La réponse d'Anthropic à ses propres découvertes a été de restreindre l'accès selon une structure qu'elle appelle Project Glasswing, limitant la diffusion aux partenaires de lancement, notamment Amazon Web Services, Apple, Broadcom, Cisco, CrowdStrike, Google, JPMorgan, la Linux Foundation, Microsoft, Nvidia et Palo Alto Networks, ainsi qu'à plus de 40 autres organisations qui développent ou maintiennent des infrastructures logicielles critiques.
Anthropic a engagé jusqu'à 100 millions de dollars en crédits d'utilisation et 4 millions de dollars en dons à des organisations de sécurité open source dans le cadre de cet effort.
L'entreprise déclare également avoir informé les responsables américains et les parties prenantes clés avant la publication, ce qui signifie que la réunion du Trésor reflétait un jugement officiel éclairé fondé sur une divulgation préalable.
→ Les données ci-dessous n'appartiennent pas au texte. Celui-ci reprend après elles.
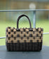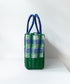 ポリエチレンコードをチェック柄のように編み込んだ夏にピッタリのかごバッグ。
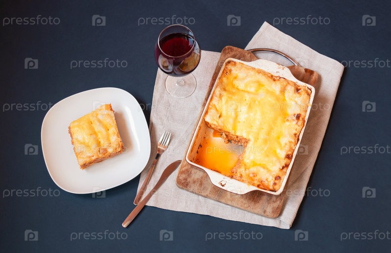 Тарелка с лазаньей болоньезе, форма для выпечки с лазаньей болоньезе и бокал вина. Вид сверху
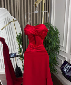 فستان سهرة أحمر بقصّة أنيقة وشق أمامي – متجر روزيتا
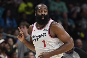 快船11勝2負(fù)期間:小卡場均32.7分6.9板2.6斷1帽 哈登24.8分7.8助
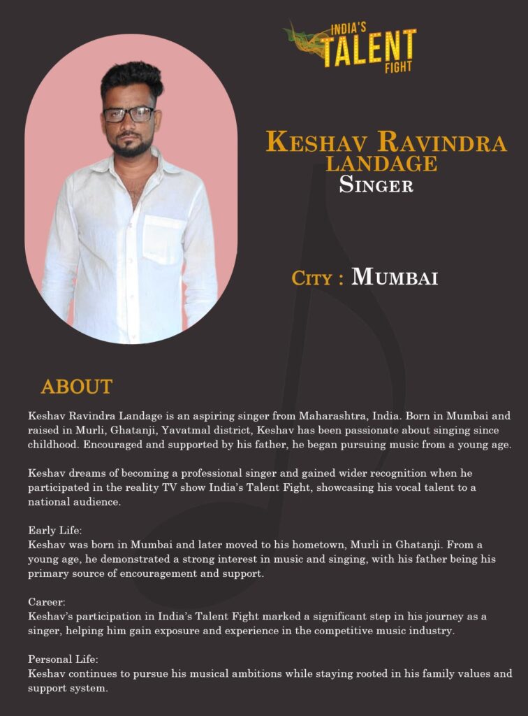 Keshav Ravindra Landage is an aspiring singer from Maharashtra, India. Born in Mumbai and raised in Murli, Ghatanji, Yavatmal district, Keshav has been passionate about singing since childhood. Encouraged and supported by his father, he began pursuing music from a young age.

| Réclamation / fait d'Anthropic | Pourquoi cela importe aux banques et aux régulateurs |
|---|---|
| Des milliers de vulnérabilités de gravité élevée découvertes | La fonctionnalité de suggestion n'est pas théorique ni limitée |
| Défauts découverts dans chaque système d'exploitation majeur | Implique une surface d'attaque étendue sur l'infrastructure partagée |
| Défauts découverts dans chaque navigateur web majeur | Élargit l'exposition au-delà d'un seul fournisseur ou d'une seule pile |
| Plus de 99 % toujours non corrigés | Augmente l'urgence autour des délais de défense |
| Le modèle peut identifier et exploiter des zéro-day | Réduit l'écart entre la découverte et l'exploitation |
| Accès restreint dans le cadre du projet Glasswing | Les signaux même Anthropic ont considéré la sortie comme à haut risque |
| Plus de 40 organisations d'infrastructure supplémentaires impliquées | Montre que la préoccupation s'étend au-delà d'une seule entreprise aux écosystèmes logiciels fondamentaux |
| Briefings avancés pour les responsables américains | Suggère que la réponse du Trésor/Fed était éclairée, et non un théâtre réactif |
Les banques sont au cœur de cette préoccupation car elles dépendent de la pile logicielle plus large.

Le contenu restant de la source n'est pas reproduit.